Another useful way to use this tool is to check for correlations between a statistic in one year and that same statistic the next year. If a player has a skill, like Adam Dunn's home run power, it will strongly correlate year-to-year. If a player's stats are the result of normal statistical fluctuation (luck, to use a loaded term) they won't correlate year-to-year--think Bronson Arroyo's home run power. Here's how some basic batting stats correlated (r-squared) from 2005 to 2006 (courtesy of David Appelman at FanGraphs3):
Batting average correlates only a third as well as the others. It really fluctuates. Remember in Bull Durham when Kevin Costner made that speech about how if he could just get one extra flukey hit a month he'd hit .300 instead of .250 and be in the show? He's talking about batting average's low correlation year-to-year even if he doesn't know it. If Crash's GM were savvy he'd look beyond the average (inflated on balls in play) and see that his slugging and on base skills were the same. Maybe in September, Crash. SPOILER ALERT: any sort of stat designed to measure clutchness--hitting with RISP, Late Inning Pressure Situations, October accomplishments--do not correlate from one year to the next. This is why Stats geeks say clutch is not a skill.
Turning to pitching stats, here's a graph showing the correlation of one year's ERA to the next year's (courtesy of JC Bradbury at the HardballTimes4):
As you can see from the best fit line the blob is slightly moving in the right direction. The r-squared is .13, about the same as batting average--better than nothing but we can do a lot better. Here's the same thing with strikeout rate:
Oh yeah! Now there's some correlation. Point-six-one baby! So we just learned that if we're trying to predict a pitcher's future performance we'd be much better off looking at his K-rate than ERA. SPOILER ALERT: stats that are independent of the pitcher's defense--K-rate, BB-rate and HR-rate--are the basis of a nerdy way to evaluate pitcher's called DIPS (Defensive Independent Pitching Stats).

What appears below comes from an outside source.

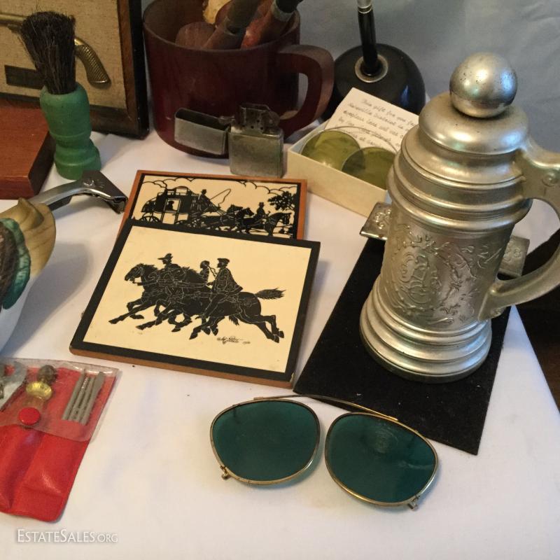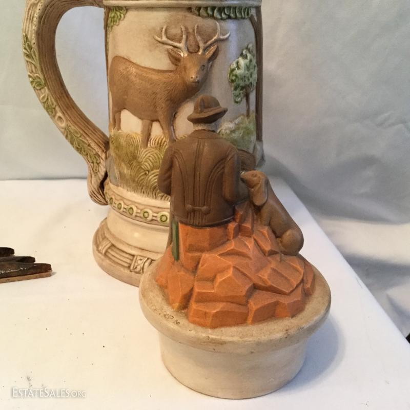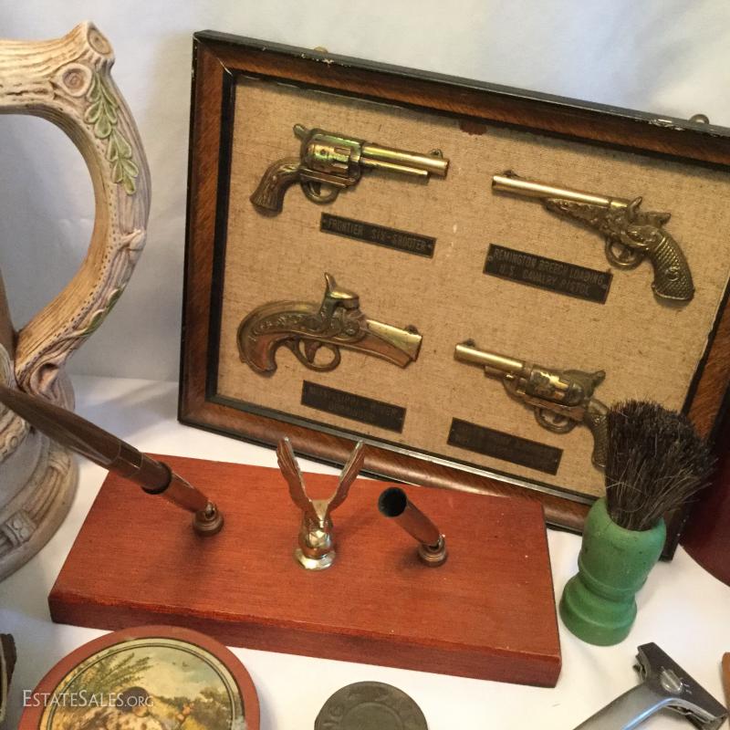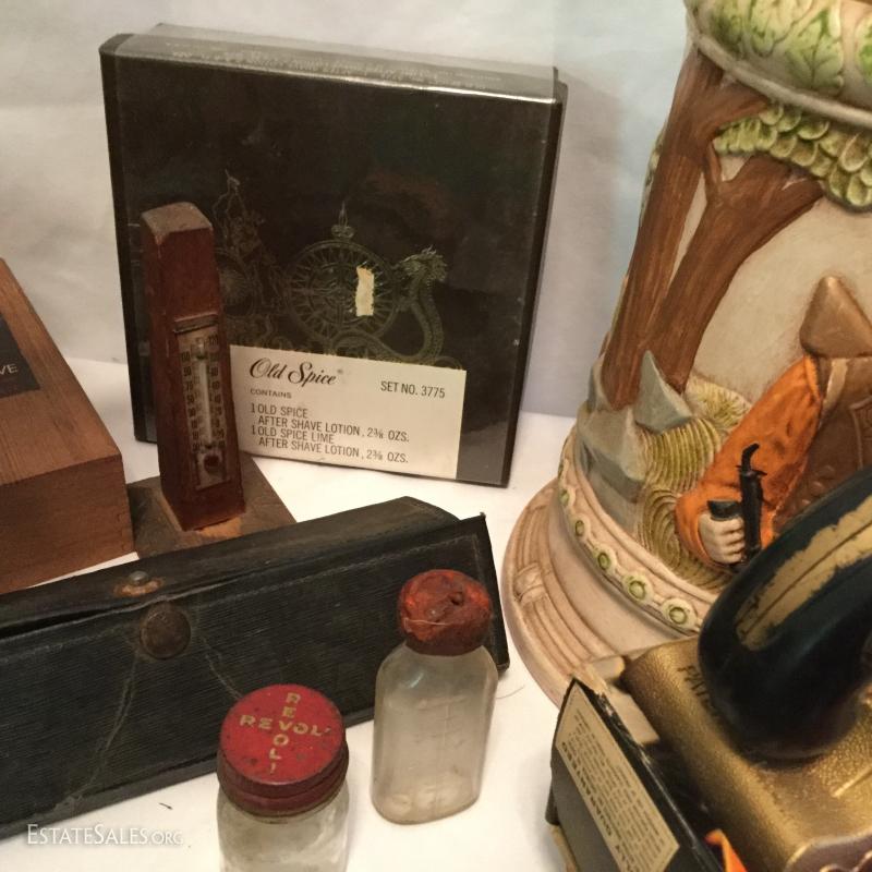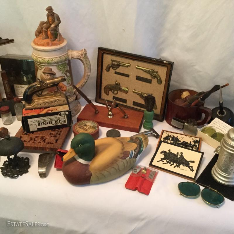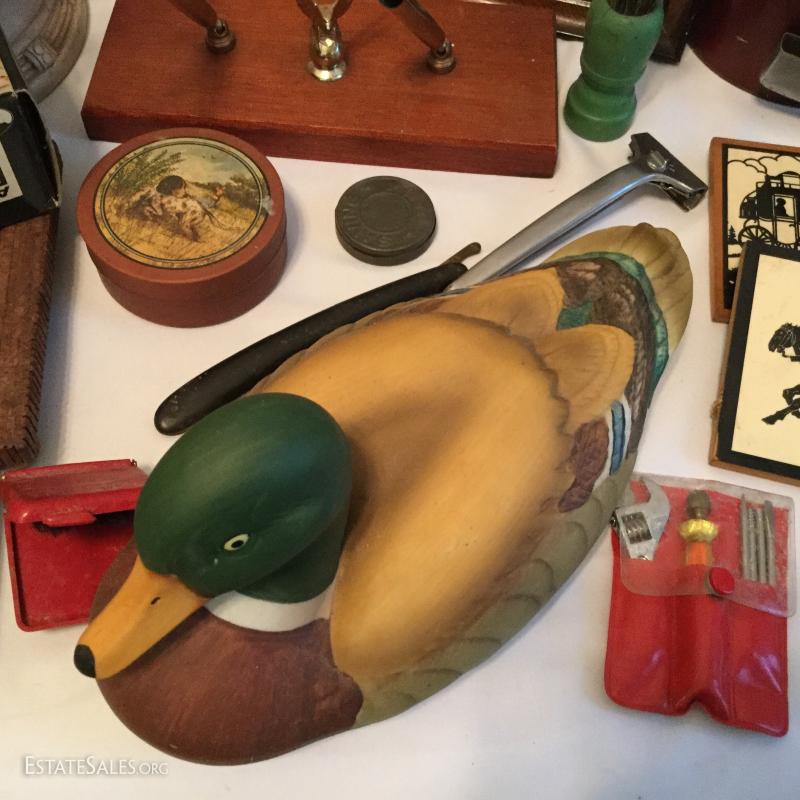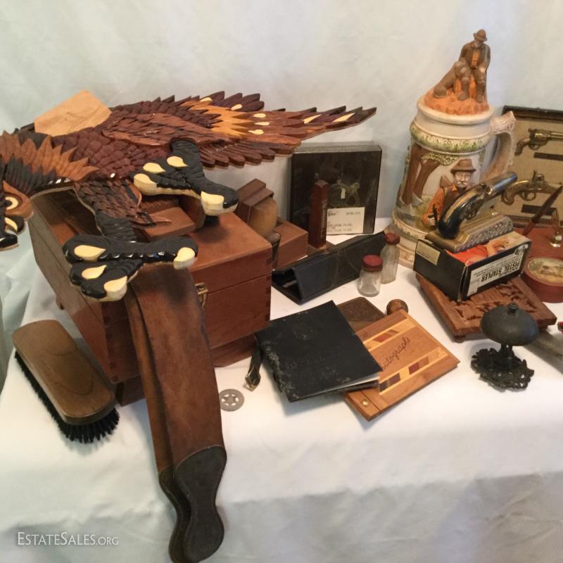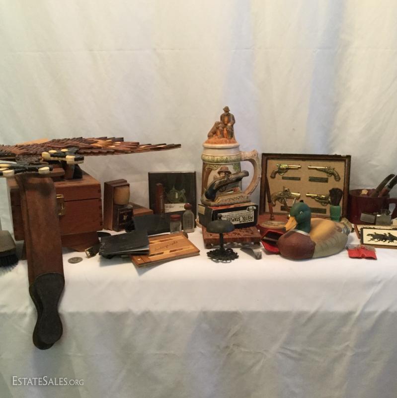 Misc. lot that includes a couple vintage bottles, stein, barber leather strap, wood shoe shine box, gun art, ducks, vintage ceramic humidor, wooden eagle and much more. See photos

If you'd like to do this wizardry yourself you easily can in Excel (here comes the original research of this piece). Just click on the paste function button, under Function Category select Statistical, under Function Name select Pearson (Galton?), then in the popup highlight one column or row of data for Array1 and another set of data for Array2. The result is the correlation between your two Things. Square it for the r-squared. Now I can tell you that in the Joe Morgan Red Reporter Fantasy League, the correlation between a team's standing and its number of roster moves is a whopping .73!
These Things are closely correlated...
Update [2007-8-7 9:57:58 by Red Menace]: I forgot to mention the important maxim that correlation does not equal causation (technically, as Gray points out, one should say correlation does not imply causation, because sometimes correlation does equal causation). Or to be properly anal: empirically observed covariation is a necessary but not sufficient condition for causality. Example: there's a strong correlation between ice cream sales and drownings. If one forgot that C does not imply C, one would say ice cream causes drownings. In fact both are affected by a third factor: hot weather. For a baseball example there's a slight positive correlation between strike outs and run scoring, but you shouldn't tell all your hitters to try to strike out more. Both strike outs and run scoring seem to be the result of going deep into counts by waiting for a pitch to drive.